|We concluded the previous
chapter by analyzing the evolutionary dynamics of one of the most complex GEP systems – linearly encoded neural networks – and observed that GEP-nets exhibit exactly the same kind of evolutionary dynamics found in less complex genotype/phenotype systems.
As stated earlier in this chapter, the simple chromosomal organization used for combinatorial optimization is very similar to the canonical GA. Thus, it would be interesting to see if the evolutionary dynamics of these simpler GEP systems are also of the kind observed in GA’s populations.

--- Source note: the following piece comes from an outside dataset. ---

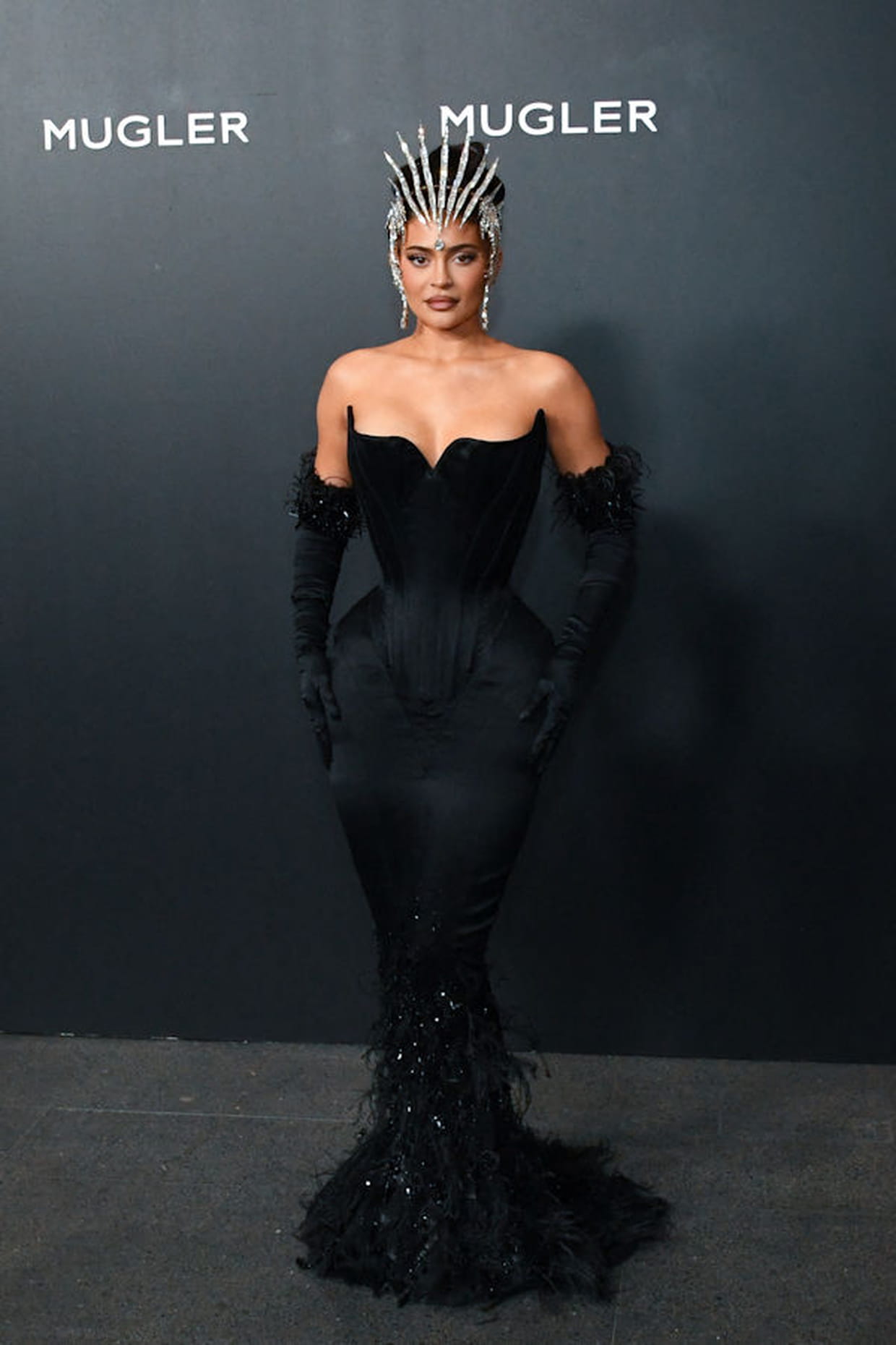 Kylie Jenner en robe noire bustier à strass et à plumes Mugler

Let’s first analyze the simplest GEP system in which only one multigene family is used per chromosome. Its evolutionary dynamics is shown in
Figure 6.7. Note that the evolutionary dynamics for this simple system is similar to the dynamics characteristic of GA’s populations. In those dynamics the plot for average fitness closely accompanies the plot for the best fitness and the oscillatory pattern on average fitness is less pronounced.
Figure 6.7. Evolutionary dynamics found in the simplest GEP systems. This dynamics was obtained for the first successful run of the experiment summarized in
Table 6.1 (traveling salesperson problem with 19 cities).

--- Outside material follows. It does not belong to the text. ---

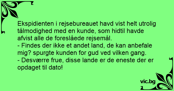 - Findes der ikke et andet land, de kan anbefale mig? spurgte kunden for gud ved vilken gang.
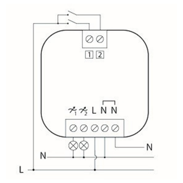 Kaksikanavainen Plejd-valonsäädin 1-2 valaisimen ohjaamiseen. Voidaan asentaa 5-kytkimen taakse. Säätimen avulla valoja voidaan ohjata palauttavalla painikkeella, kytkimellä, liiketunnistimella tai älypuhelimella Bluetoothin ja mobiilisovelluksen avulla. 1 ja 2 kanavilla voidaan käyttää eri kuormia.

And finally, let’s analyze a slightly more complex system where chromosomes composed of two multigene families are used. The evolutionary dynamics shown in
Figure 6.8 was obtained for the first successful run of the experiment summarized in
Table 6.2. It is worth noticing that this evolutionary dynamics is no longer of the type expected for a GA. In fact, it has all the hallmarks of a GEP dynamics: the oscillatory pattern in average fitness and the considerable difference between the fitness of the best individual and the fitness of the average individual. Indeed, one should expect this kind of dynamics because of the higher complexity required to express chromosomes composed of two multigene families encoding complex interactions between their members.

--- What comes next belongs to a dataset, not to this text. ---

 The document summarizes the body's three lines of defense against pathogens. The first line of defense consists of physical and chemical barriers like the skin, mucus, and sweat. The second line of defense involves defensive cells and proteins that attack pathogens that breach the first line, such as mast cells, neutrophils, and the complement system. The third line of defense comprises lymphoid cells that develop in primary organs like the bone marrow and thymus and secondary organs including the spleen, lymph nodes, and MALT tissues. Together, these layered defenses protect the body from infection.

Figure 6.8. Evolutionary dynamics of simple GEP systems. This dynamics was obtained for a successful run of the experiment summarized in
Table 6.2 (six-by-six task assignment problem). Note that, although simple, this system no longer exhibits a typical GA dynamics.
In the next chapter I will conduct a series of evolutionary studies, including the detailed analysis of the evolutionary dynamics typical of GEP populations. The aim of those studies is to discuss some controversial topics in evolutionary computation, most of them raised and intensified by the invention of gene expression programming itself.